El doctor Pantaleón era una especie de monumento al torturado. Dani, que de eso también sabía, me contó la historia: «Fue un médico filántropo que atendía a los pobres. Se convirtió al cristianismo, lo agarraron los romanos y le aplicaron el procedimiento de rutina para sectas molestas. Se les complicó: primero lo prendieron fuego y nada, el santo como de amianto. Optaron por el plomo fundido y el doctor se lo sacudió como si fuera arena. Habrán pensado que si el fuego no, tal vez el agua, porque lo metieron diez horas cabeza abajo en un estanque. El filántropo salió cantando salmos. Lo tiraron a los leones, el número preferido del pueblo romano de entonces, y los bichos lo vomitaron enterito; lo torturaron en la rueda y se dobló pero no se rompió, le insertaron una espada y el galeno como si fuera su desayuno. Los funcionarios romanos perseveraron: bien sabían que Estado que no ejecuta sus castigos es Estado muerto. Cuando probaron la decapitación, la cabeza se le separó del cuerpo y murió nomás Pantaleón, pero no se acabaron los milagros: del cuello no le salió sangre sino leche. Lo que no impide, viste cómo son de contradictorios los milagros, que en el Real Monasterio de la Encarnación de Madrid tengan una reliquia de su sangre, que se licúa durante los aniversarios del martirio de su primer propietario».

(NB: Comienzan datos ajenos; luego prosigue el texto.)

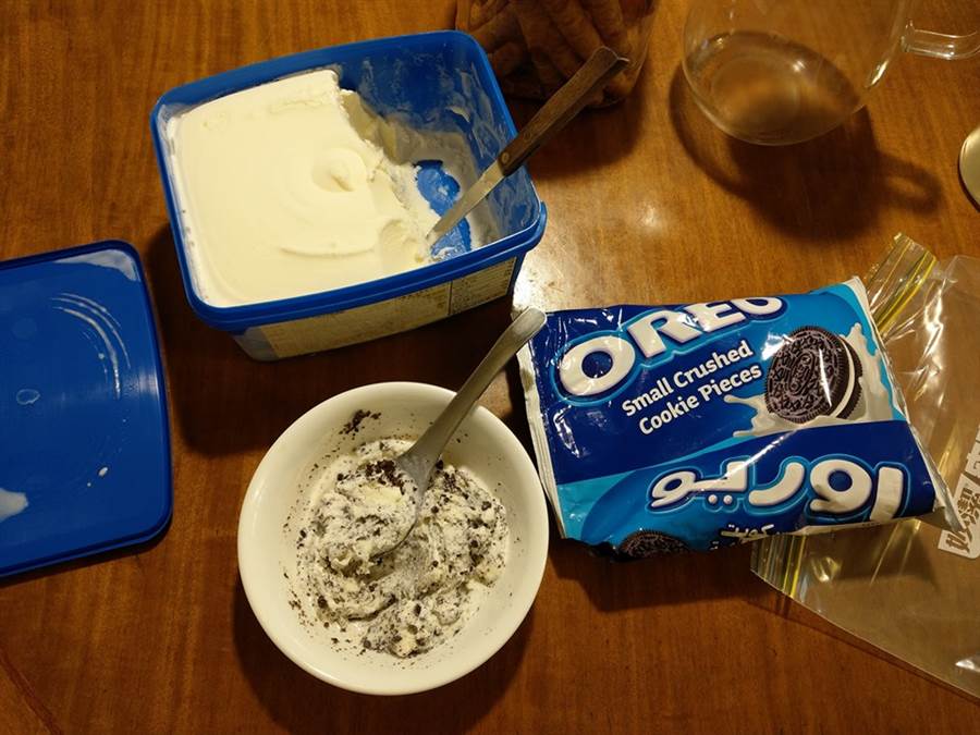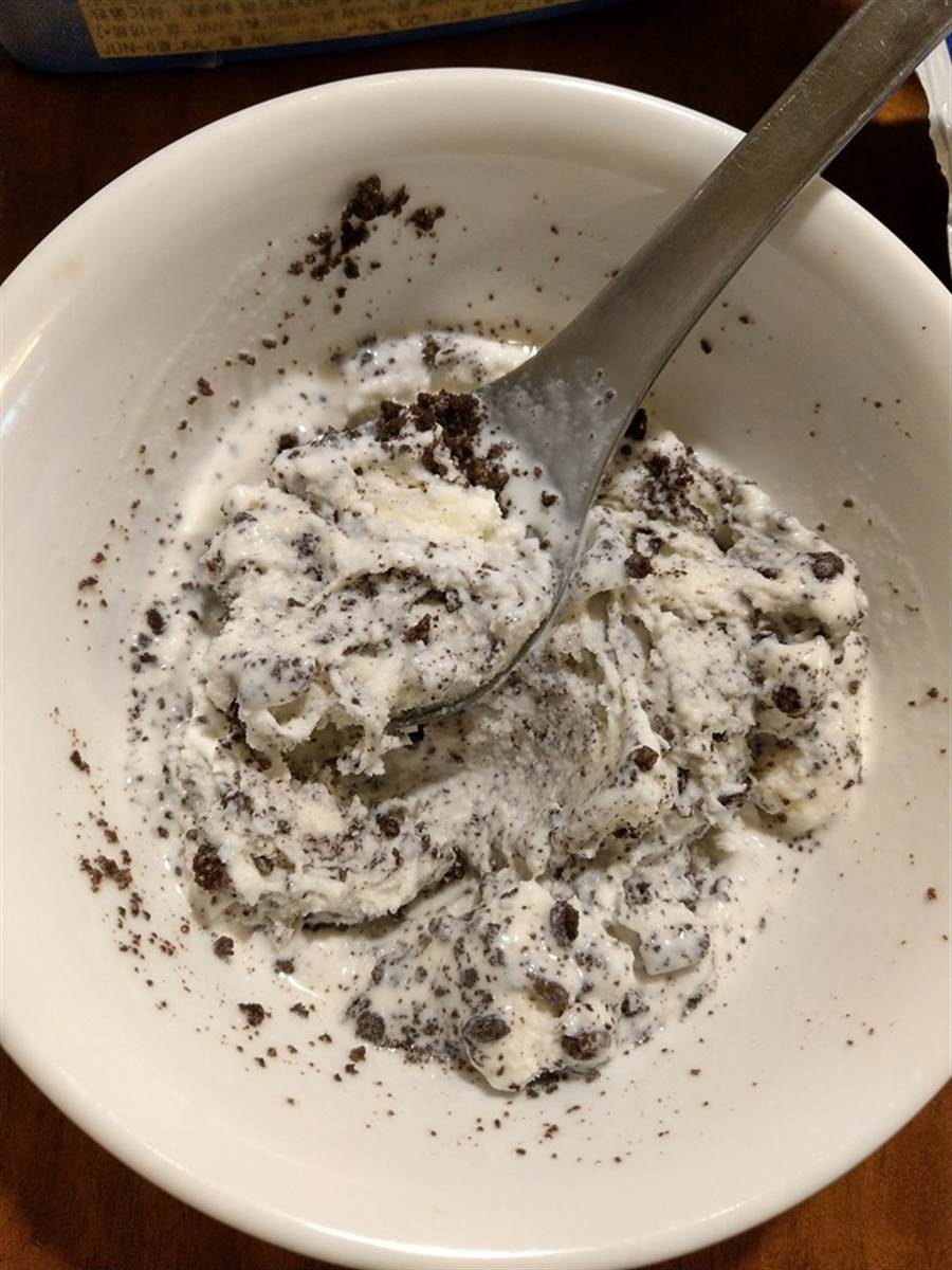 ▼這名網友準備了Oreo餅乾,和好市多賣的「蘇格蘭經典牛奶冰淇淋」。先將餅乾碾碎,再將兩者混合,按照自己的喜好調一下比例,就能做出符合自己口味的冰炫風了。

San Malverde, con paquetes hasta en el culo y armado tipo Rambo. De ese conocía la historia yo: «Es el patrón de los narcos mexicanos. Algún milagro habrá hecho porque todas las muías le piden protección antes de entrar la merca a los Estados Unidos. Canonizado no creo que esté, pero no por eso pierde eficiencia: la última vez que fui a Nueva York casi me transformo en una estatua yo también, media ciudad estaba blanca y era verano».

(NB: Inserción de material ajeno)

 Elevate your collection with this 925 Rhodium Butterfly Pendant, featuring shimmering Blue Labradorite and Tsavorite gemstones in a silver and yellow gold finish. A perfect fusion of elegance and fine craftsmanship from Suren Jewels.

Mientras charlábamos Daniel y yo, Kevin siguió comiendo todo lo que había en la mesa, que era mucho. Corazón contento: cada tanto mostraba la panza y se reía. La cumbia estaba al palo, los nenes bailaban con Gladys, la Colorada que se parecía a la gallinita, los demás gritaban y se reían. Ese desayuno místico parecía un casamiento de borrachos. No sé qué me había imaginado ni si me había imaginado algo, pero seguro que no esa especie de kermés de pueblo. Cuando hasta Daniel estaba moviendo los pies bajaron la música y se fueron yendo para el centro del potrero, limpio como un living burgués después del trabajo de las hermanitas. Cleo se instaló al lado de Cristo otra vez. Cuando me introduje en la ronda de santos de cemento me sorprendió una especie de muñecota con armadura. Daniel confirmó mis sospechas: «Sí, es Juana de Arco», y sí, era medio travesti también. Los ingleses la quemaron después de que rompió el juramento y volvió a vestirse de varón… era un dios más antiguo el de entonces, parecía Zeus, le tenía simpatía a Francia y quería que el imbécil de Carlos VII fuera rey a toda costa. Para eso, y para que ganaran algunas batallas, le mandó unas voces a esa chiquita que se transformó en un general impresionante. Ni se le cruzó por la cabeza terminar con la guerra de los cien años, parece que estaba divertidísimo, como sus primos los olímpicos con Troya.